The Risk Management Agency (RMA) of the United States Department of Agriculture provides publicly accessible information about federal crop insurance policies including details on cause of loss, liability, subsidy, indemnity, and more. MTF Challenge teams can use this information to model how future agricultural losses could be affected by changes in the climate, disease, drought, or other factors. Data from the USDA RMA can be viewed in multiple ways each with their own unique benefits and challenges:
View Cause of Loss Files: this page provides annual files including the cause of loss. These files are very large because they include data on all crops from all counties in whole country. So you will have to view each year’s file on its own, and gather the data that is important to your project into your own spreadsheet. It is critical that teams know this data shows insurance policies that HAD A LOSS ONLY. It does not include all insurance policies.
Cause of Loss Viewer: this link provides access to the cause of loss data in a visual format. It also allows you to download the data in a spreadsheet, but does not let you take multiple cause of losses at once. So you will have to download each cause of loss separately, but it still may be a good way of accessing the data.
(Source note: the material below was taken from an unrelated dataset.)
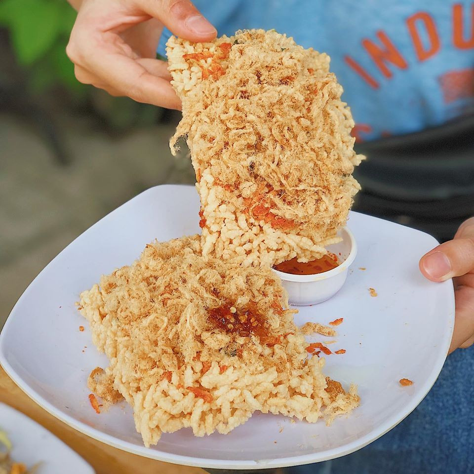 Bánh tráng được cuốn chắc tay và cực nhiều nhân, chấm với sốt chua ngọt bao ghiền. Không thể không nhắc tới “người bạn láng giềng” cơm cháy chà bông khá giản dị với hai miếng cơm cháy giòn rụn phối chung với chà bông và ruốc, ăn kèm sốt mắm rất phê.

This is the same data as is accessed in the Cause of loss Files, so it shows policies that HAD A LOSS ONLY.
Report Generator: this page is a great way to access the insurance claims and it is very important for projects because it includes ALL CROP INSURANCE POLICIES, not just ones with a loss. The only issue with accessing data this way is that it doesn’t include monthly information, only annual summaries. So teams may want to combine this information with more detailed information from the cause of loss files.
The Society of Actuaries provides a number of research studies on various topics that may be of interest to MTFC teams. These reports do not provide downloadable datasets for analysis, but may provide some valuable background research and information on some topics. Teams can review these research reports to see if there is high-level background information that may be useful in defining their project topics.
Climate Change
Learn Climate Change Fundamentals: The Forth National Climate Assessment linked here has a ton of information in it, so you will have to do a little research to find what is important for your project, but the good thing about it is there are easy to navigate chapters where you can go directly to the information you would like to learn more about.
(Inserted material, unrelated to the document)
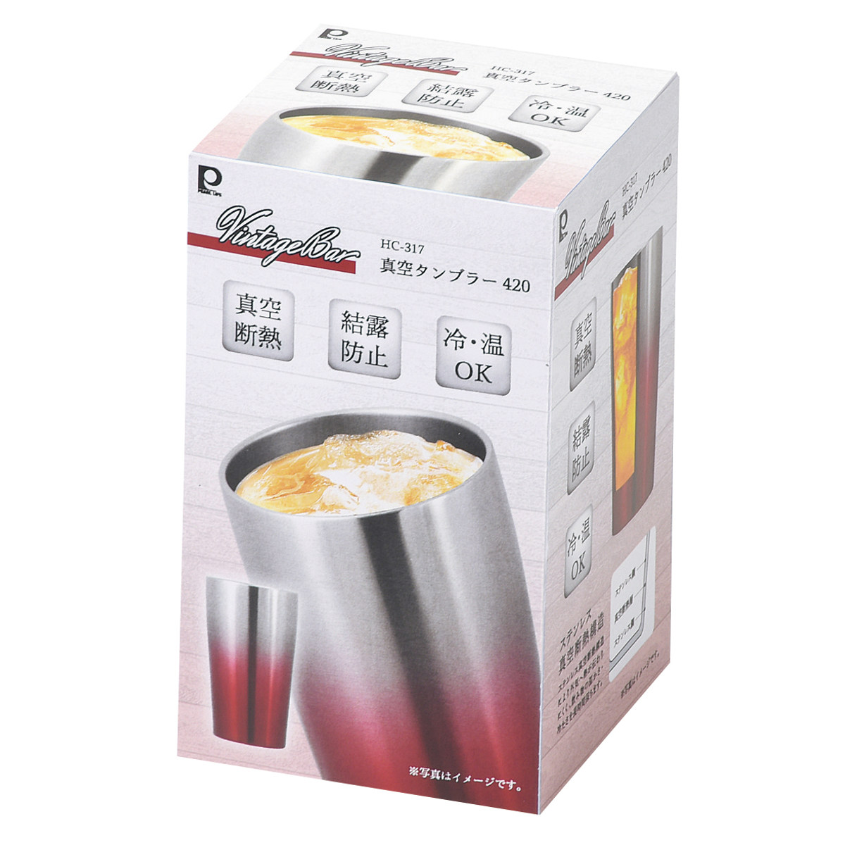 タンブラー ビンテージバー 真空タンブラー 420ml ( ステンレス 保冷 保温 コップ カップ ビール 結露しにくい 食器 おしゃれ シンプル スタイリッシュ ) 【サテン×レッド】

View Historic Climate Data: the data here can be viewed by state, county, or other divisions. Depending on your project you can look at particular historic trends and see if this could be useful in your project. The data can be exported to a spreadsheet to be analyzed in more detail.
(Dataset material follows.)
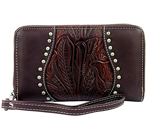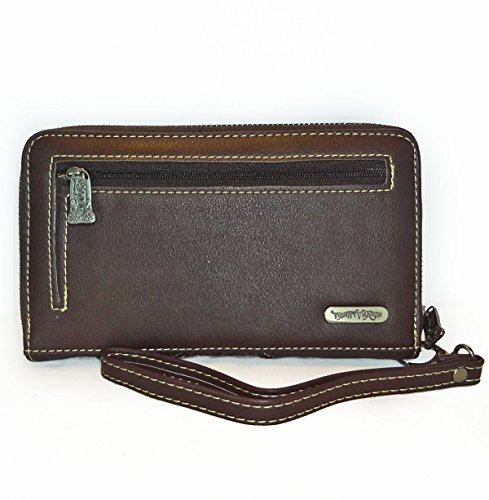 Studio : Western Fashion Publisher : Western Fashion Binding : Apparel Product Description New Trinity Ranch® Tooled Leather Wristlet Wallet w/ Patina Studs- CoffeeProduct Code: TR23-W002 Wallet Details: Length: 7.5 Height: 4 Depth: 1 Wristlet Strap 7 Floral and leaf tooled pattern on the genuine leather, Pu Leather Trim Backing (PU leather: leather particles coated in Polyurethane or a thin layer of leather coated in Polyurethane) - Embellished with Patina studs, green effect - Zipper pocket on Back, Trinity Ranch Name Plate - Removable, Wristlet Strap Inside: - 5 Bill Pockets, Zipper Pocket, 8 Card Slots 0

View Actuaries Climate Index: the data on this website is easily downloadable as an excel spreadsheet. There are also good descriptions of what the data is included in the “guided tour” of the site. This may be a good place to start if you are interested in exploring this site as a supporting data set for your project.
Drought
The National Integrated Drought Information System, NIDIS, provides a wealth of data on all aspects of drought in the United States. It has a number of different products that may be useful to MTFC teams interested in researching risks of losses due to drought conditions. The data include maps, tables, graphics, and informational data points about drought.
NIDIS Data Maps and Tools page provides a great list of their data products that cover many different aspects of drought, from agricultural conditions and soil moisture to snow pack and water availability. Check out these data products to help evaluate what would be valuable to your MTFC project. As you define your Problem Statement you will be able to narrow in on particular types of drought related data (for example, using snow pack data to evaluate future water availability, or even seasonal loss potential for ski resorts). You may also find value in exploring the NIDIS Educational resources with additional background information about droughts and the data that is available.
The National Drought Mitigation Center, managed by the University of Nebraska, provides background information and educational resources to help students learn the basics about droughts. Information on the NDMC’s website provides students with some fundamental understanding of drought mitigation techniques and the effects that drought may have on various industries. It can be a valuable resource for students wanting to conduct an MTFC project on drought; however, it does not directly provide data sets on which teams can model their risks and recommendations. Students will have to use information from other sources in conjunction with the background information found here to complete a full mathematical analysis of their project.
The United States Drought Monitor, from the University of Nebraska, offers many informative ways to view actual data about drought severity throughout the United States. It provides tables of data about how much land and population was in various states of drought (D1 to D4) throughout the past two decades. It also provides time-series graphs of the state of droughts at county, state, regional, and national levels. Information from the Drought Monitor can be downloaded as CSV files, or viewed online. Students interested in pursuing MTFC projects related to risks from droughts will find this site extremely valuable; however, one thing not included here are direct values about losses due to the droughts. Teams will need to correlate information from the Drought Monitor with other data sets or find their own ways of mathematically modeling the actual losses from drought.
Floods
Other Natural Disasters
FEMA Data Feeds: for students interested in disaster relief analysis projects, we recommend starting by exploring the FEMA Data Feeds page to see what kinds of data sets are available. Explore the “Datasets” dropdown to see a list of the major datasets that are available on all of FEMA’s programs. It provides multiple tables on prevalence of different disasters and their effects. The datasets are arranged by FEMA Program including: Individual Housing Assistance, Public assistance, Hazard Mitigation Assistance, National Flood Insurance Program, Community Emergency Response Data, Disaster Relief Fund, Emergency Management Performance Grants, and the National Household Survey.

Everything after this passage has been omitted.